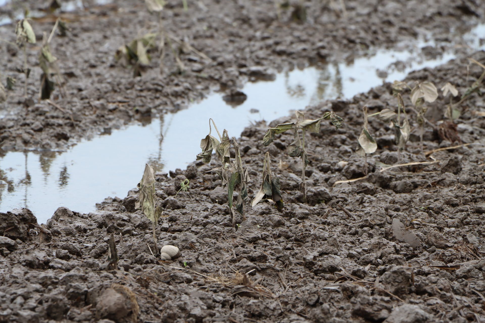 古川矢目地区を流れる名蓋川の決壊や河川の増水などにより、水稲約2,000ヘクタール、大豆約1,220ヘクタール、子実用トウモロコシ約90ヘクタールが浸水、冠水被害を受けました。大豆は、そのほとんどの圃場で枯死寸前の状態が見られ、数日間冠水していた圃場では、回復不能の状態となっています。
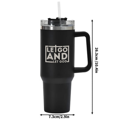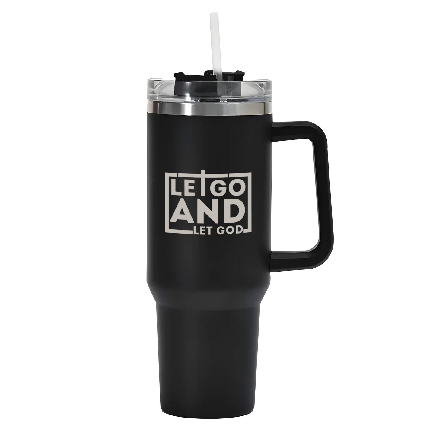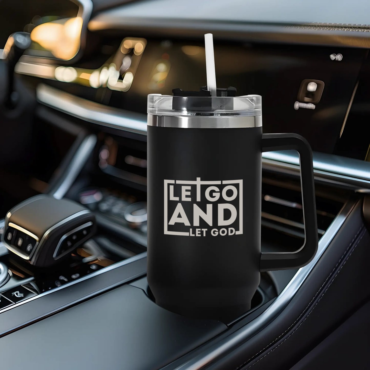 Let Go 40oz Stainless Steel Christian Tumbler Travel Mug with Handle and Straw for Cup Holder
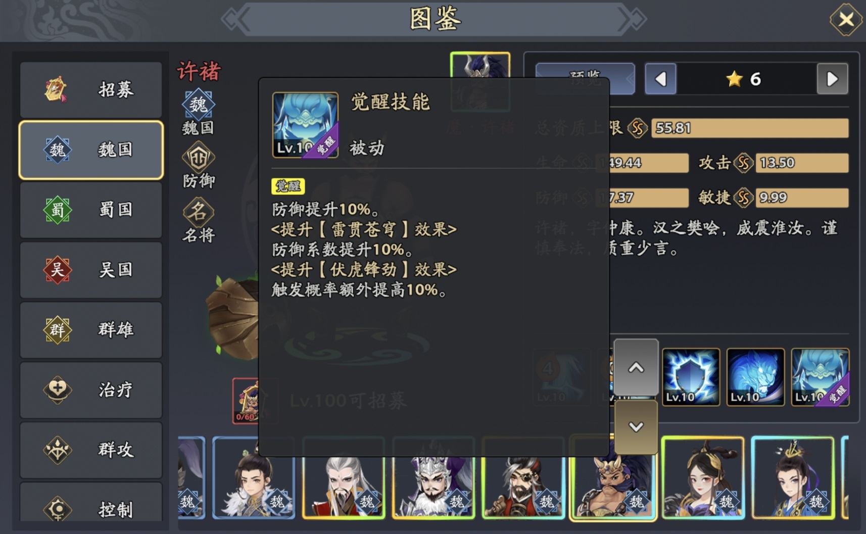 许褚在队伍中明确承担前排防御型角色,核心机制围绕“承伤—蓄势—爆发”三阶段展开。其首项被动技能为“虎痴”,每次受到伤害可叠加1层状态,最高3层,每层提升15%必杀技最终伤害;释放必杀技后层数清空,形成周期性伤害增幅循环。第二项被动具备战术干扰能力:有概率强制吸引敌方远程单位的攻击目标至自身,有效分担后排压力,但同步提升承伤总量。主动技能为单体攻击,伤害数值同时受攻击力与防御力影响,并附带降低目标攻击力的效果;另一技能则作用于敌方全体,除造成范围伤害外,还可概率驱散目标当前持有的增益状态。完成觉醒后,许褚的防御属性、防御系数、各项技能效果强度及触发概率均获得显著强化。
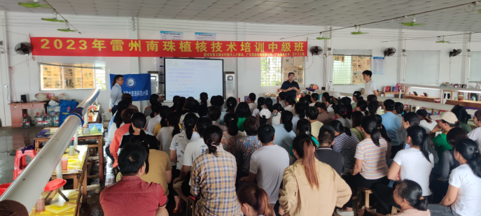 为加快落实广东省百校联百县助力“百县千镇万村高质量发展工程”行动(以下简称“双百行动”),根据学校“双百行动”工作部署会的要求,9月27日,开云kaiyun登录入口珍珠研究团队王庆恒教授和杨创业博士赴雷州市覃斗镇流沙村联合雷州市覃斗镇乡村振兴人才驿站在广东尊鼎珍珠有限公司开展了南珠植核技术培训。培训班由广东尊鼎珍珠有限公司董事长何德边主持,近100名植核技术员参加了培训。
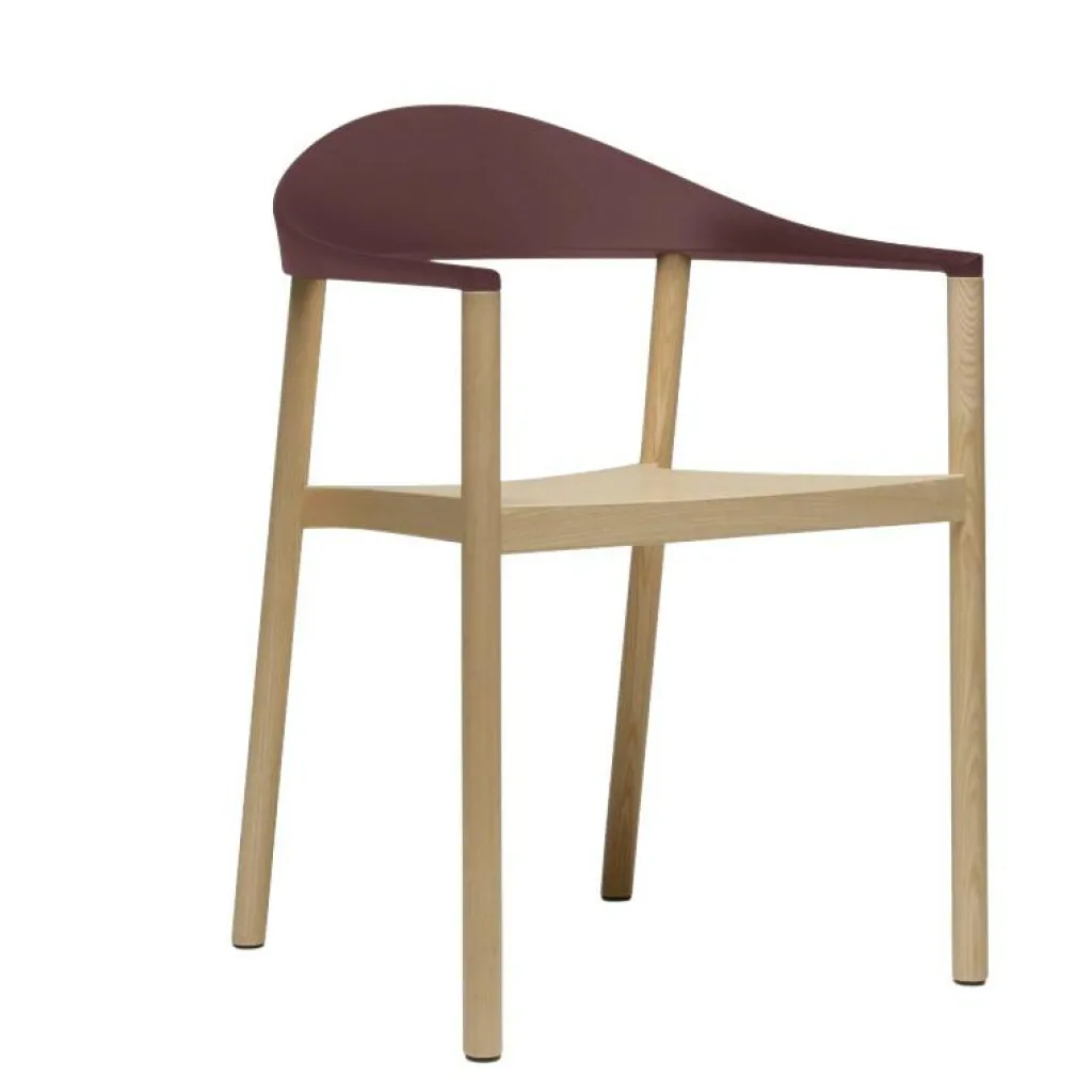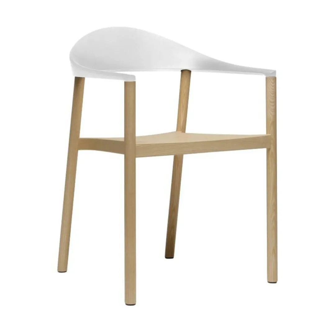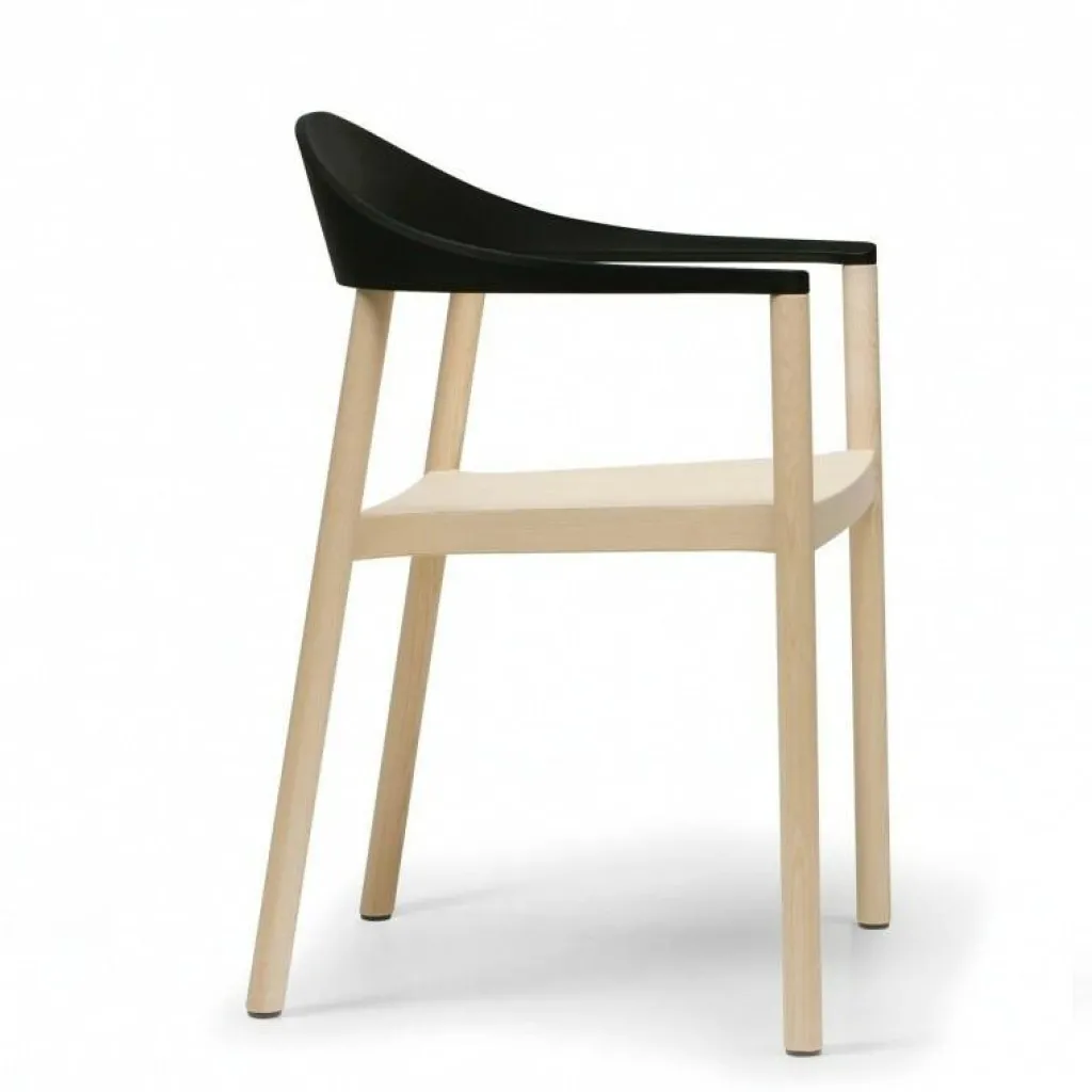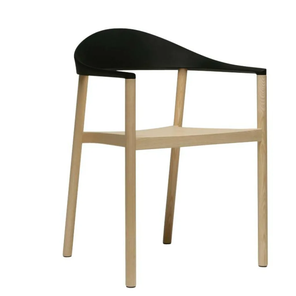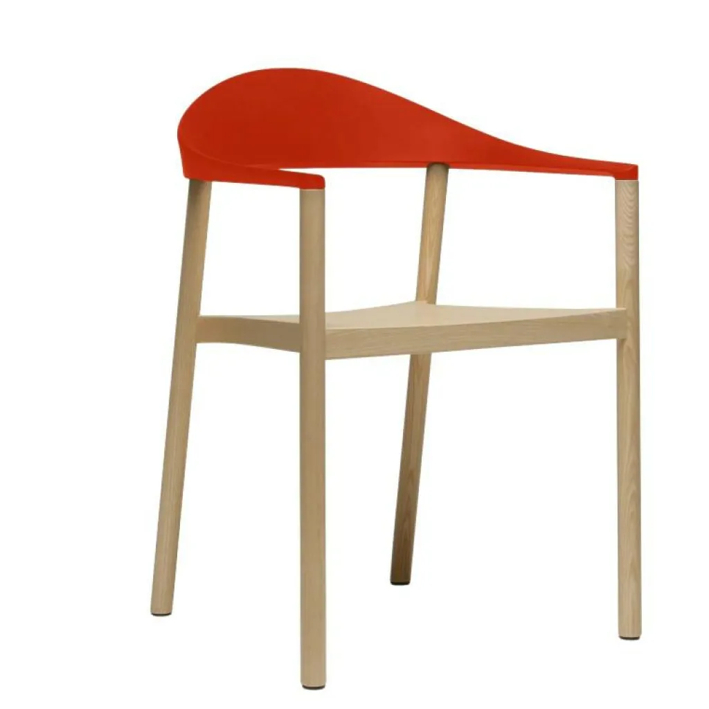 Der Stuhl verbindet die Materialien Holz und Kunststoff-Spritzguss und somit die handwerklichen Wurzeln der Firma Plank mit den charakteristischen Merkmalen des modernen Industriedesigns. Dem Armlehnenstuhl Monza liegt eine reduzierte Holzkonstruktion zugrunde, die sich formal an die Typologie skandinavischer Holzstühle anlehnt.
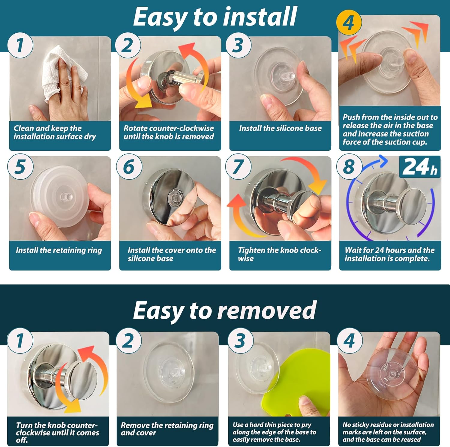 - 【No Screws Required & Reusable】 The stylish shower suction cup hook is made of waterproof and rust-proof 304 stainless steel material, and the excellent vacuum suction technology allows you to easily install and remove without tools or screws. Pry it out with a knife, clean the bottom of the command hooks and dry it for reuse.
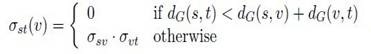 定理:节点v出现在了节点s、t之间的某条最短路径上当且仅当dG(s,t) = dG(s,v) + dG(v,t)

- _WHAT YOU SHOULD DO_
Each entry above is to be restated exactly, without its images.

- _EXERCISE RESULT_
 古川矢目地区を流れる名蓋川の決壊や河川の増水などにより、水稲約2,000ヘクタール、大豆約1,220ヘクタール、子実用トウモロコシ約90ヘクタールが浸水、冠水被害を受けました。大豆は、そのほとんどの圃場で枯死寸前の状態が見られ、数日間冠水していた圃場では、回復不能の状態となっています。
 Let Go 40oz Stainless Steel Christian Tumbler Travel Mug with Handle and Straw for Cup Holder
 许褚在队伍中明确承担前排防御型角色,核心机制围绕“承伤—蓄势—爆发”三阶段展开。其首项被动技能为“虎痴”,每次受到伤害可叠加1层状态,最高3层,每层提升15%必杀技最终伤害;释放必杀技后层数清空,形成周期性伤害增幅循环。第二项被动具备战术干扰能力:有概率强制吸引敌方远程单位的攻击目标至自身,有效分担后排压力,但同步提升承伤总量。主动技能为单体攻击,伤害数值同时受攻击力与防御力影响,并附带降低目标攻击力的效果;另一技能则作用于敌方全体,除造成范围伤害外,还可概率驱散目标当前持有的增益状态。完成觉醒后,许褚的防御属性、防御系数、各项技能效果强度及触发概率均获得显著强化。
 为加快落实广东省百校联百县助力“百县千镇万村高质量发展工程”行动(以下简称“双百行动”),根据学校“双百行动”工作部署会的要求,9月27日,开云kaiyun登录入口珍珠研究团队王庆恒教授和杨创业博士赴雷州市覃斗镇流沙村联合雷州市覃斗镇乡村振兴人才驿站在广东尊鼎珍珠有限公司开展了南珠植核技术培训。培训班由广东尊鼎珍珠有限公司董事长何德边主持,近100名植核技术员参加了培训。
 Der Stuhl verbindet die Materialien Holz und Kunststoff-Spritzguss und somit die handwerklichen Wurzeln der Firma Plank mit den charakteristischen Merkmalen des modernen Industriedesigns. Dem Armlehnenstuhl Monza liegt eine reduzierte Holzkonstruktion zugrunde, die sich formal an die Typologie skandinavischer Holzstühle anlehnt.
 - 【No Screws Required & Reusable】 The stylish shower suction cup hook is made of waterproof and rust-proof 304 stainless steel material, and the excellent vacuum suction technology allows you to easily install and remove without tools or screws. Pry it out with a knife, clean the bottom of the command hooks and dry it for reuse.
 定理:节点v出现在了节点s、t之间的某条最短路径上当且仅当dG(s,t) = dG(s,v) + dG(v,t)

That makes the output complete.